Let us see some examples:

In [14]:


# Value at risk at level 0.99 for a Gaussian with mean 1 and variance 4
print(varisk(st.norm(1,2), 0.99))

#The same from an exact formula (see lecture notes):
print( 2*st.norm.ppf(0.99,0,1)-1  )

3.6526957480816815
3.6526957480816815

We got the value we were expecting.
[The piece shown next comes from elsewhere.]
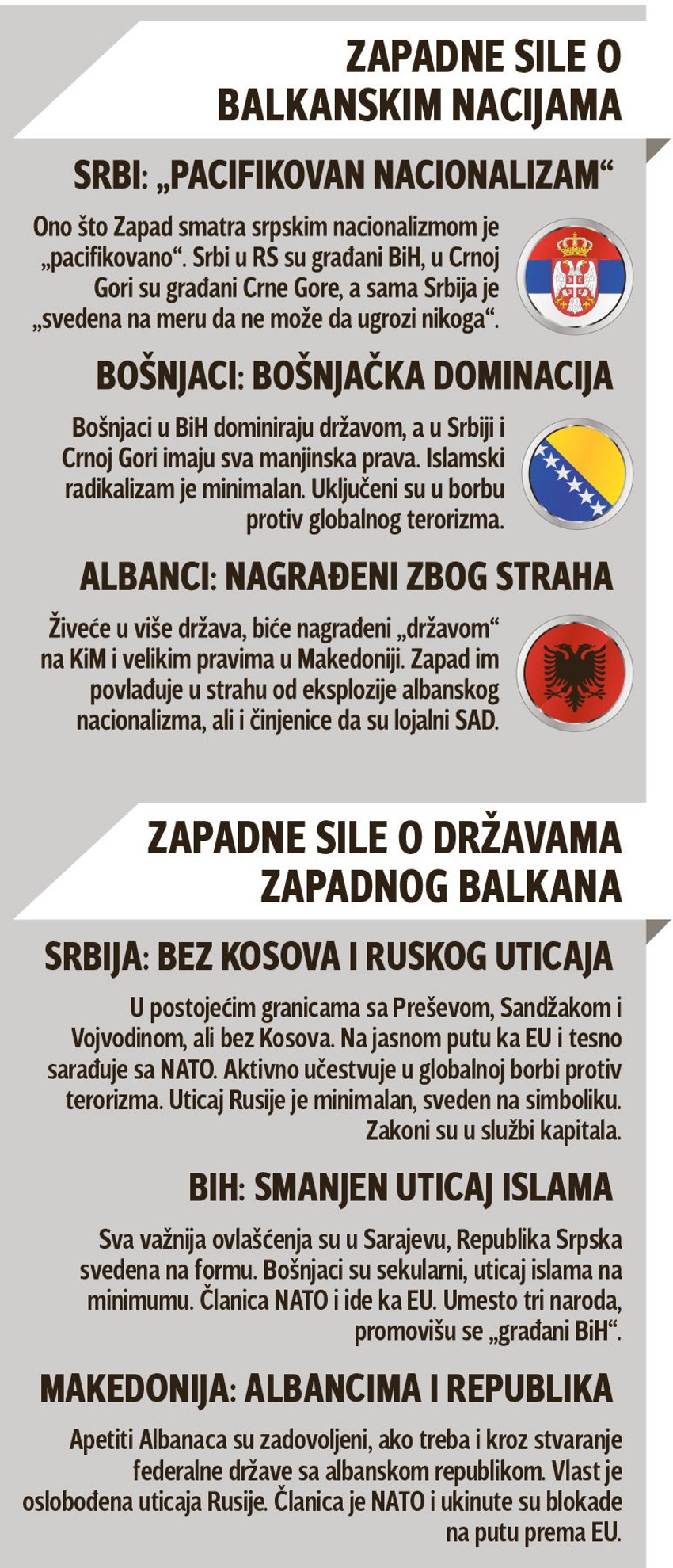 Za sve zemlje zapadnog Balkana to podrazumeva približavanje i, naposletku, ulazak u EU, sa razvijenom vladavinom prava i tržišnom ekonomijom. Ali i forsiranje procesa sa kojima će se Srbija teže pomiriti, kao što su, kako to zapadne sile vide, „pacifikacija srpskog nacionalizma“, ulazak u NATO, ukidanje Republike Srpske i „zadovoljni Albanci“ u svim državama u kojima žive.
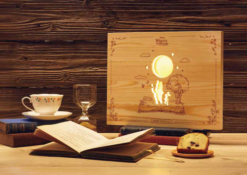 Aunt Stella詩特莉不僅為手工餅乾專家,更持續於發源地日本經營生活家居事業,進而奠定品牌優勢與創新精神,近年來持續開發具備「家飾品」用途的質感禮盒。全新小熊維尼系列首度推出獨家開發鏤空夜燈款「維尼的月光旅程」禮盒,只要將上蓋連接USB電源即可點亮造型夜燈,讓維尼與小豬一同走出童話故事書,望向溫暖的月光伴你入眠、盡享甜蜜夢境;湛藍夜空袖套則以繁星劃成星軌,點點灑落照耀著維尼與跳跳虎的歡樂相處時光。此款禮盒共限量1,500份,除了可做為高端質感中秋贈禮,更是小熊維尼粉絲不可錯過的絕美收藏品!

Let us now check the case of a bernoulli random variable with $P[X=1]=0.75$ .

In [15]:

print('V@R level 0.99',varisk(st.bernoulli(0.75), 0.99))
print('V@R level 0.75',varisk(st.bernoulli(0.75), 0.75))
print('V@R level 0.60',varisk(st.bernoulli(0.75), 0.60))

V@R level 0.99 -0.0
V@R level 0.75 -1.0
V@R level 0.60 -1.0

Expected shortfall

Recall (see the lecture notes) that

\begin{split} \mathrm{ES}^\alpha & = \frac{1}{1-\alpha} \int_{\alpha}^1 \mathrm{V@R}^u(X)\mathrm d u \\ & = \frac 1 {1-\alpha} \left\{ - \mathbb{E}[X \mathbb{1}_{X <-\mathrm{V@R}^\alpha(X)}] + (\tilde \alpha-\alpha) \mathrm{V@R}^\alpha(X) \right\} \end{split}

where $\tilde \alpha:= F_{-X}(\mathrm{V@R}^\alpha(X)) = 1-F_{X}(-\mathrm{V@R}^\alpha(X)) + P[X = -\mathrm{V@R}^\alpha(X)]$ .
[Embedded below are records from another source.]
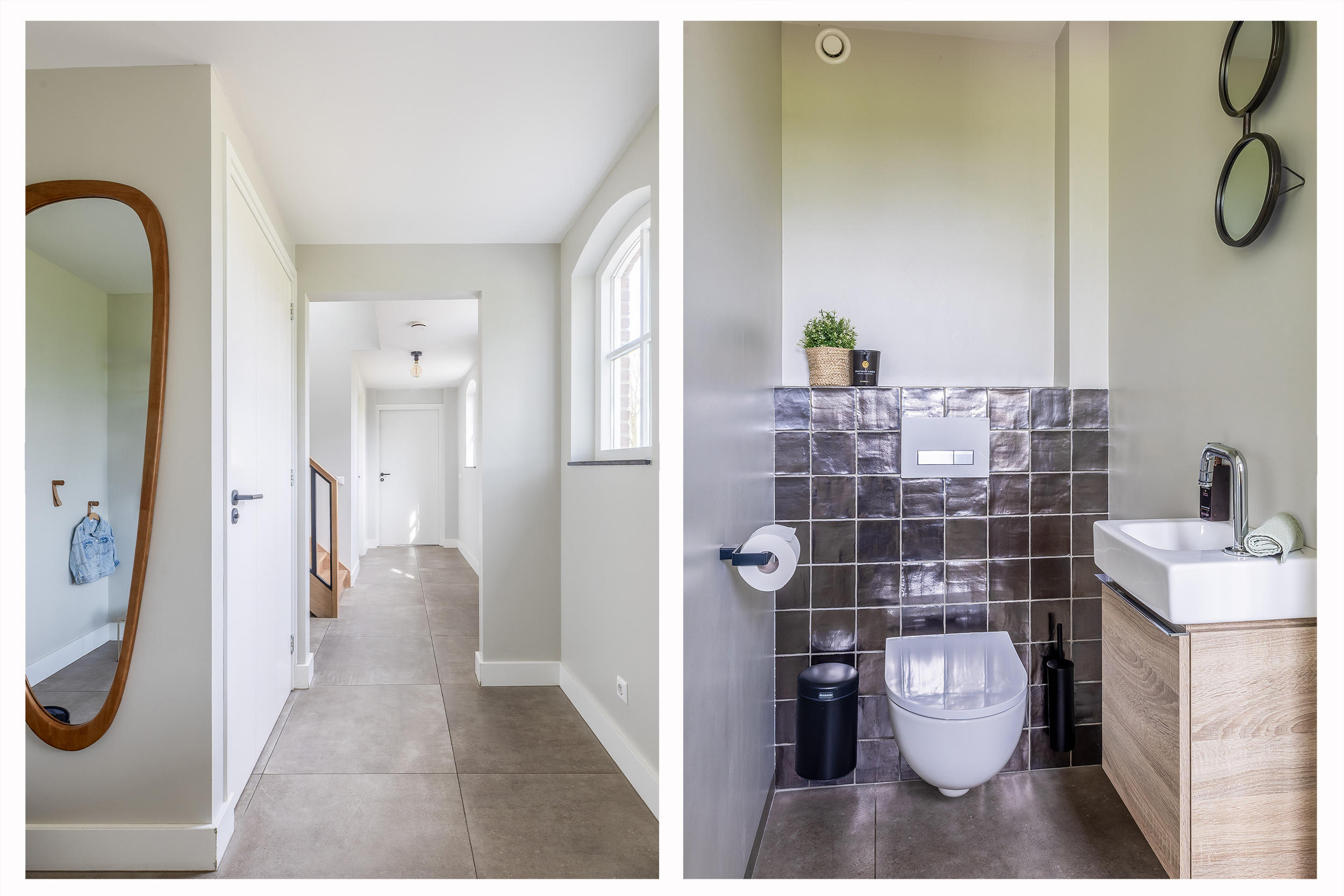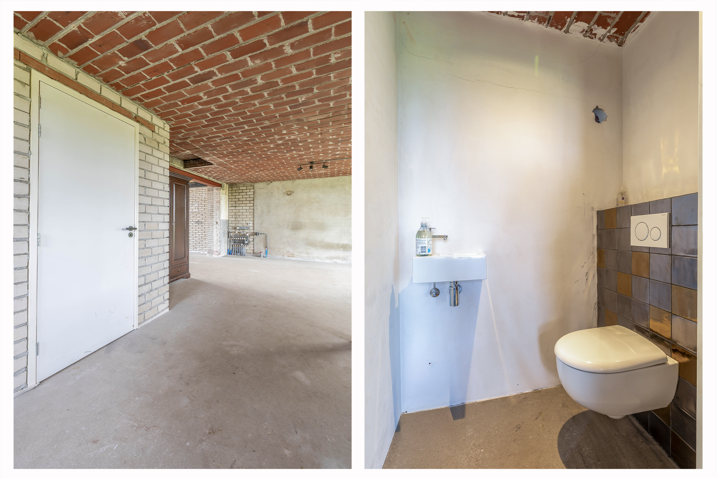 Adjacent to this is the indoor rear annex which, alongside the indoor garage, offers a considerable amount of additional usable space. This forms a solid foundation and was designed with versatility in mind. The rear annex is therefore ideally suited to a variety of uses, such as independent living accommodation (informal care), an office or practice space with meeting facilities, or a comfortable guest house. The space features a refurbished concrete floor with underfloor heating, brick walls and exposed wooden beams that enhance the rustic atmosphere. Part of the space has a mezzanine, and there is plenty of natural light. French doors in the rear façade provide a direct connection to the garden. There is also a separate toilet with a wall-hung toilet and washbasin. The rear annex also provides access to the built-in garage. The garage is accessible from the courtyard via a wide entrance door.
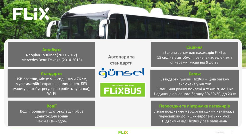 У кожному автобусі Gunsel на зазначених маршрутах буде 15 маркованих сидінь для пасажирів Flixbus
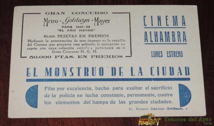 PROGRAMA DE CINE, EL MONSTRUO DE LA CIUDAD, POR WALTER HUSTON, CON PUBLICIDAD DELCINEMA ALHAMBRA, 1932 - 33
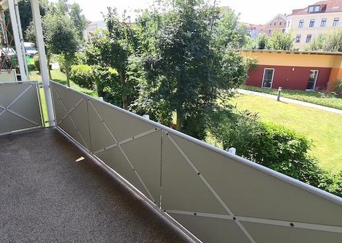 Vom Balkon aus hat man einen Ausblick nach Westen auf eine grüne Oase.

We are going to use the method 'expect' associated to a given distribution in scipy.stats. Look at the help of this function to understand more, but here are two examples of use:

In [16]:

# Example for expect

print('Expected value of a standard Gaussian:', st.norm(0,1).expect(lambda x: x)) 
print('Second moment of a standard Gaussian: ', st.norm(0,1).expect(lambda x: x**2)) 
print('Expected value of X in the interval [0,\infty):',st.norm(0,1).expect(lambda x: x, lb =0))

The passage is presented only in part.